[SUPPLIED DATA — start]

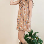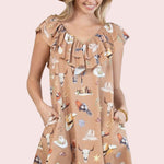 Introducing the SOUTHERN BELLE GRAPHIC PRINT DRESS—sleeveless and A-line, featuring a fun double ruffle neckline and handy pockets to keep your must-haves close.
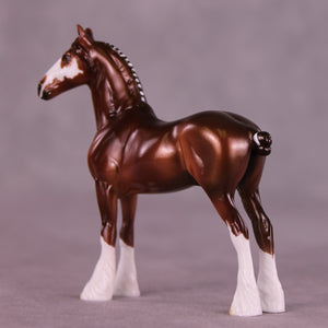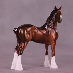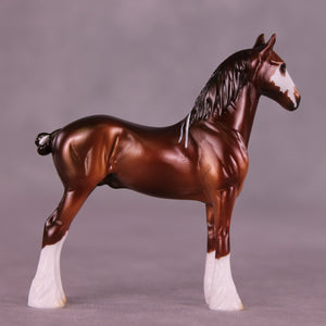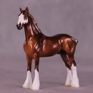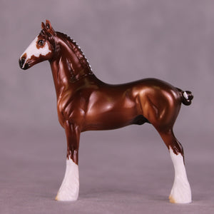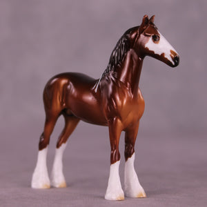 Poor Yorick is a bright chestnut with white ribbons, with matching realistic wide face marking that resembles a skull if you look carefully.
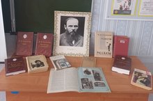 В школьной библиотеке и в кабинете русского языка оформлена книжная выставка "В ряду великих имен", посвященная творчеству Ф.М. Достоевского
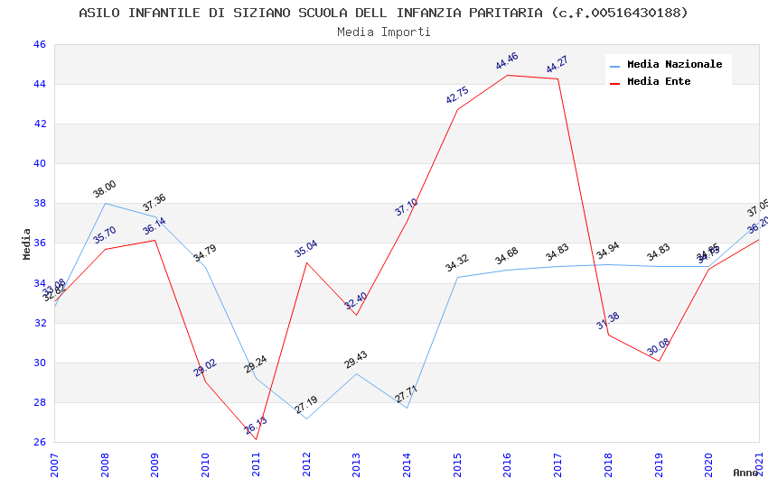 | Anno | Firme | Importi | Media | Naz. | Reg. | Prov. | Comu. |
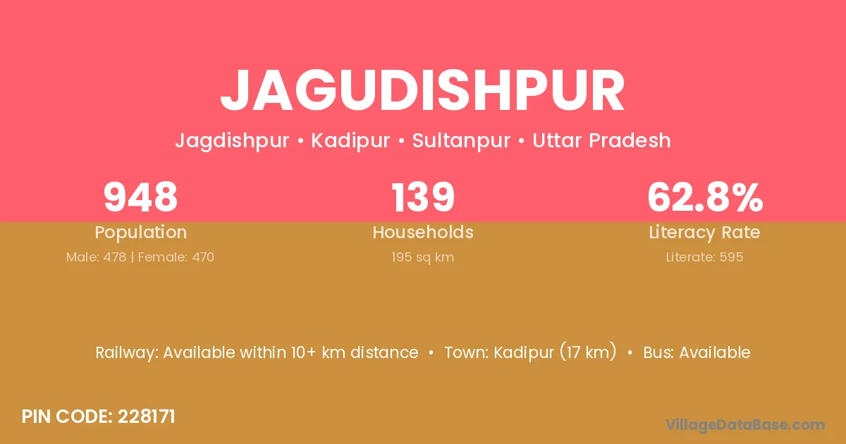Kadipur (17 km) is the nearest town to Jagudishpur village for major economic activities and is located approximately 17 km away.
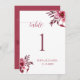 Burgundy Floral Wedding Table Number Card Elegant
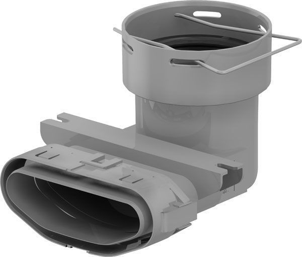 Beschreibung • Der Übergangsbogen von einem DN 75/90 LVS Rohr auf das flexible LVE - onfloor-Luftverteilsystem besteht aus Kunststoff. Zum Lieferumfang gehören Dichtung und Rastklammer. • Anschluss LVS bei Verlegung des LVE auf dem Estrich.
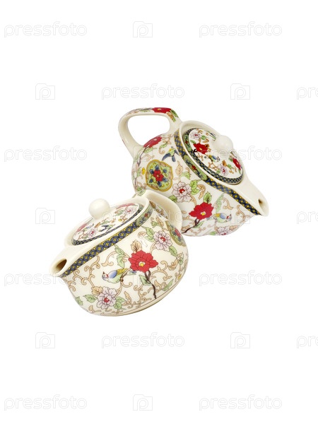 Фарфоровый чайник в китайском стиле, изолированный на белом фоне. Элемент дизайна с обтравочным контуром
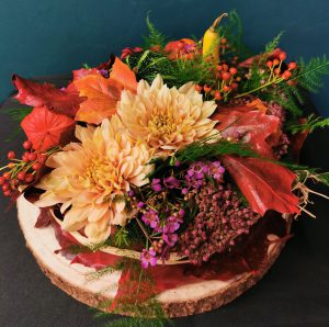 Bij deze workshop van Bloemenhuis Vita Nova kan je een bloementaart maken met diverse soorten groen en bloemen. echt herfst en fleurig.
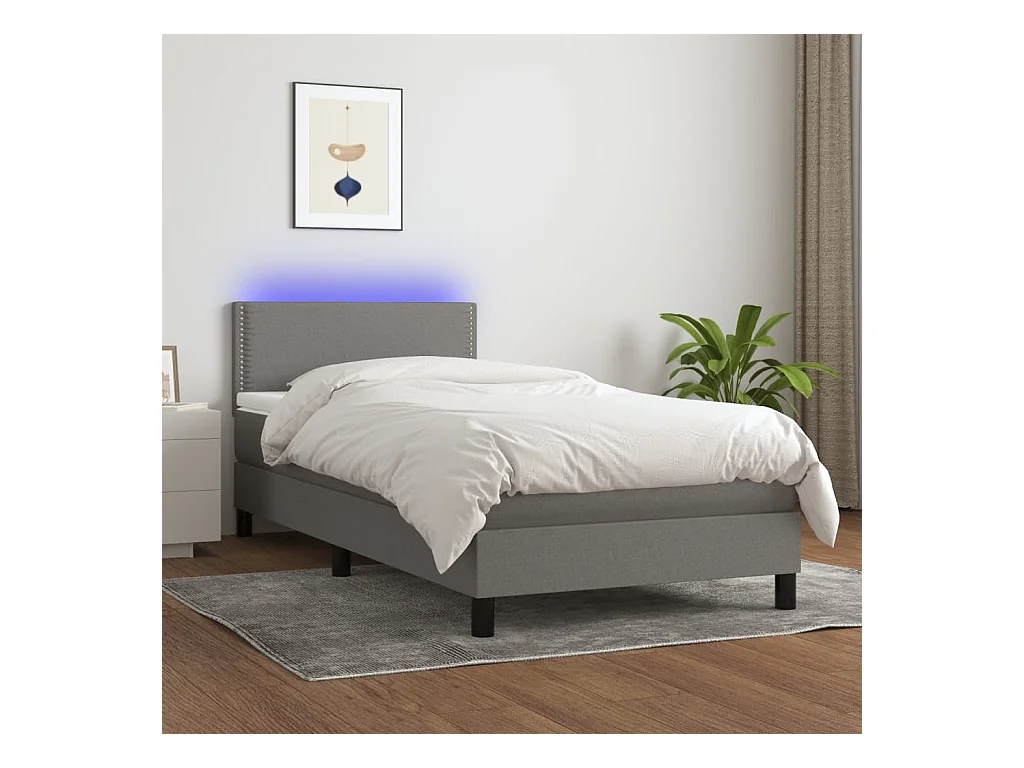 Ensemble complet boxspring - 80x200 cm + sommier à lattes de lit + matelas + LED Gris foncé SRGW74311

[SUPPLIED DATA — finish]

Would you give the data above again word for word, skipping any images?

 Introducing the SOUTHERN BELLE GRAPHIC PRINT DRESS—sleeveless and A-line, featuring a fun double ruffle neckline and handy pockets to keep your must-haves close.
 Poor Yorick is a bright chestnut with white ribbons, with matching realistic wide face marking that resembles a skull if you look carefully.
 В школьной библиотеке и в кабинете русского языка оформлена книжная выставка "В ряду великих имен", посвященная творчеству Ф.М. Достоевского
 | Anno | Firme | Importi | Media | Naz. | Reg. | Prov. | Comu. |
Kadipur (17 km) is the nearest town to Jagudishpur village for major economic activities and is located approximately 17 km away.
 Burgundy Floral Wedding Table Number Card Elegant
 Beschreibung • Der Übergangsbogen von einem DN 75/90 LVS Rohr auf das flexible LVE - onfloor-Luftverteilsystem besteht aus Kunststoff. Zum Lieferumfang gehören Dichtung und Rastklammer. • Anschluss LVS bei Verlegung des LVE auf dem Estrich.
 Фарфоровый чайник в китайском стиле, изолированный на белом фоне. Элемент дизайна с обтравочным контуром
 Bij deze workshop van Bloemenhuis Vita Nova kan je een bloementaart maken met diverse soorten groen en bloemen. echt herfst en fleurig.
 Ensemble complet boxspring - 80x200 cm + sommier à lattes de lit + matelas + LED Gris foncé SRGW74311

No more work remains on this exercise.